**Work to complete:** Write out word for word each line from the top of the material through the line that has "Комплект видеонаблюдения для". Pictures do not go in.

**Material provided:**
☆ ☆ ☆ ☆ ☆ ☆ ☆

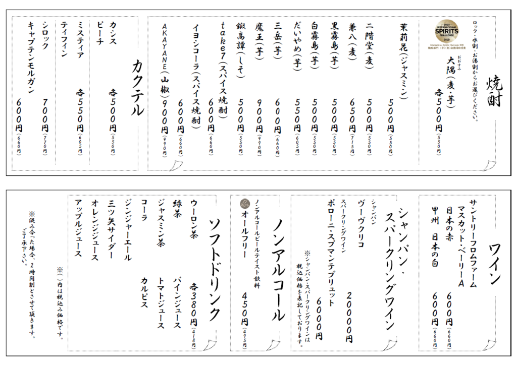 お席は2時間制となります。
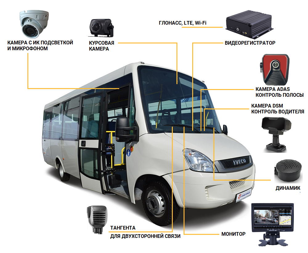 Комплект видеонаблюдения для автобуса малого класса ПП РФ № 969 с функцией "АнтиДТП"
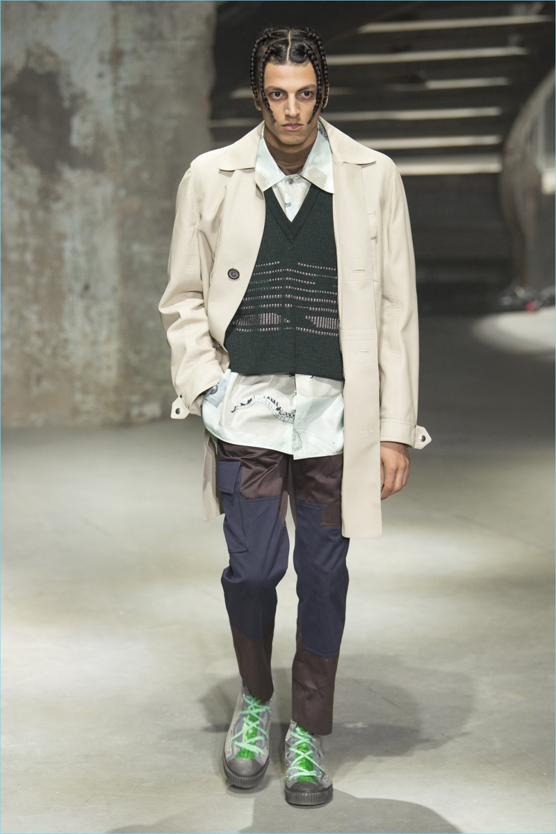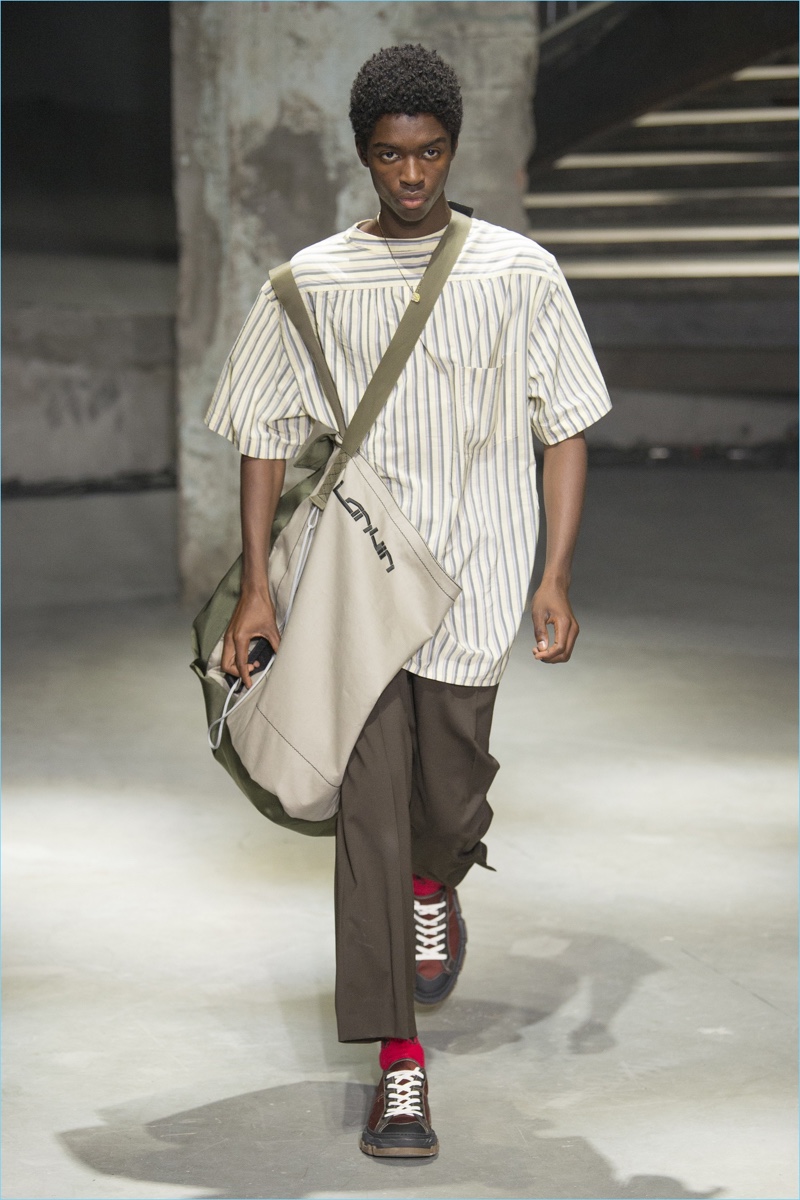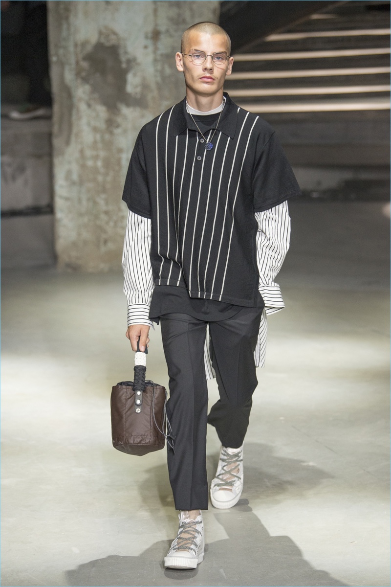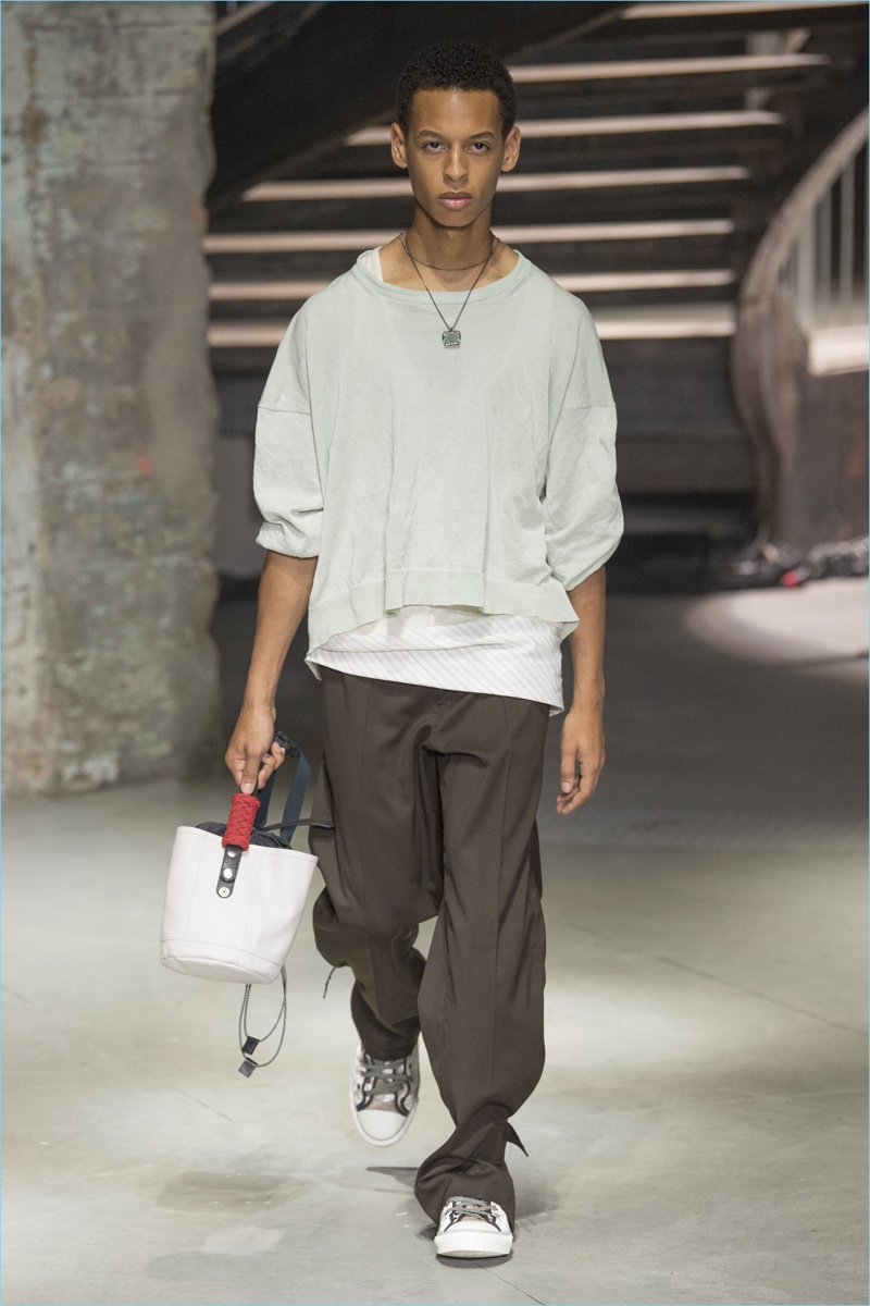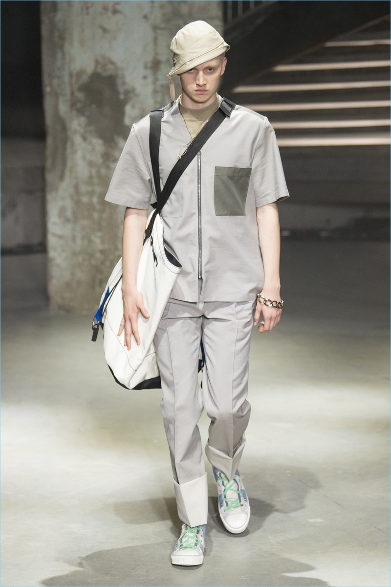 Lucas Ossendrijver explores a series of contrasts for Lanvin’s spring-summer 2019 collection. The Dutch designer references contrast such as night and day or soft and hard. Proposing a juxtaposition of casual and formal, Ossendrijver delivers a collection with strengths that rest in the details. Revisiting clothing items such as a pair of cargo pants, Ossendrijver transferred its pockets to a pair of pleated trousers. Meanwhile, shirts were elongated and turned backward for a fresh approach. Lanvin’s man also found his inner fisherman with utilitarian coats and jackets that were outfitted with pockets of various sizes. Another highlight of the season, vests and polos were shrunken down and layered with shirts of enlarged proportions.
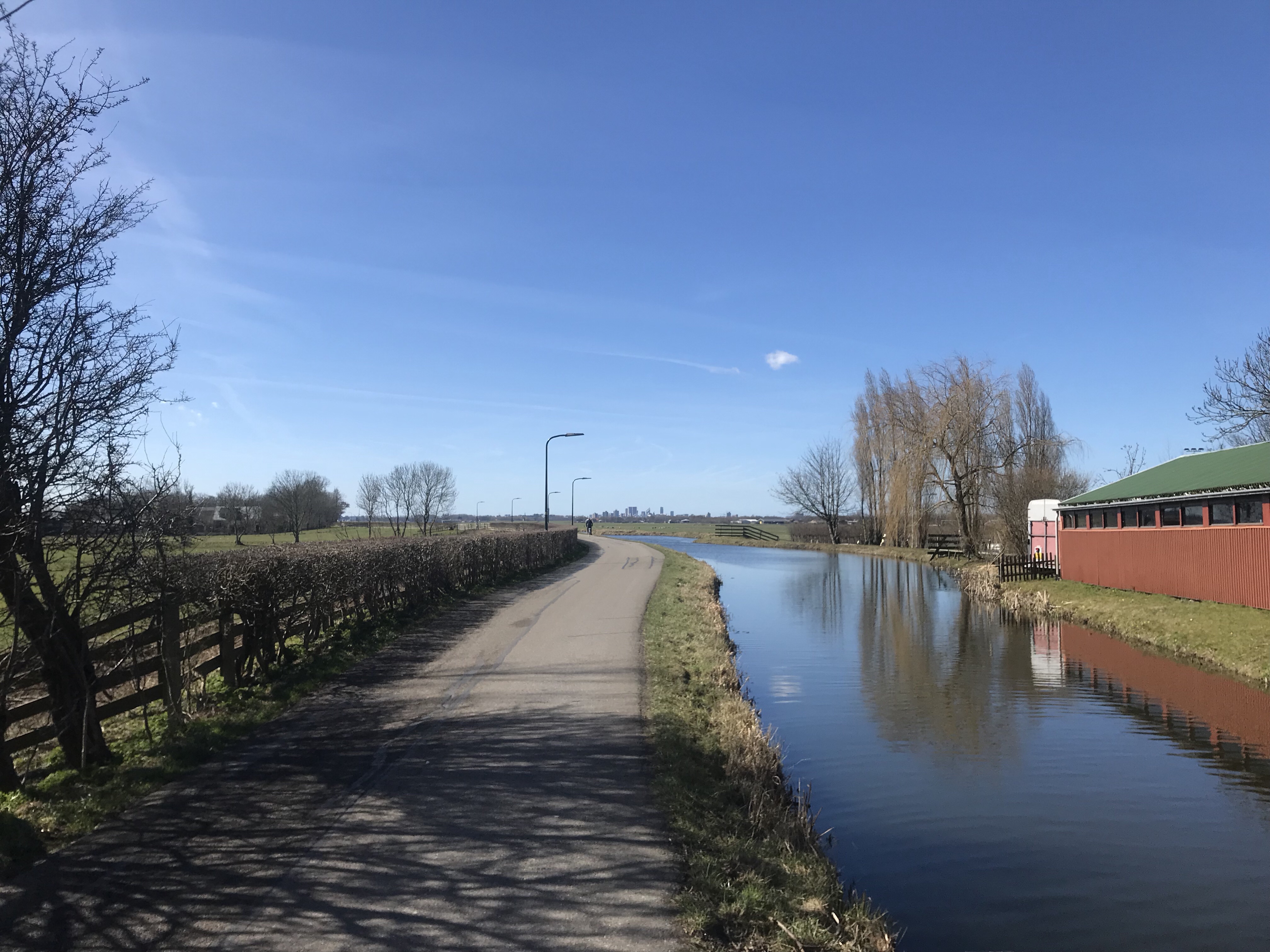 Wat een heerlijke dag! Was eerst van plan om rondje Noord AA te doen, maar Sas had er wat minder zin in. Dus halverwege terug naar huis en weer op pad. Geen route voorbereid maar gewoon een stukje lopen. Op kruispunten steeds de volgende richting bepaald. Aangezien ik altijd op route loop is dit ook wel eens wat anders. Eerst maar Stompwijk en via het buitenpark terug naar de stad. Rondje van 15 km.

☆ ☆ ☆ ☆ ☆ ☆ ☆

**Exercise output:**
 お席は2時間制となります。
 Комплект видеонаблюдения для автобуса малого класса ПП РФ № 969 с функцией "АнтиДТП"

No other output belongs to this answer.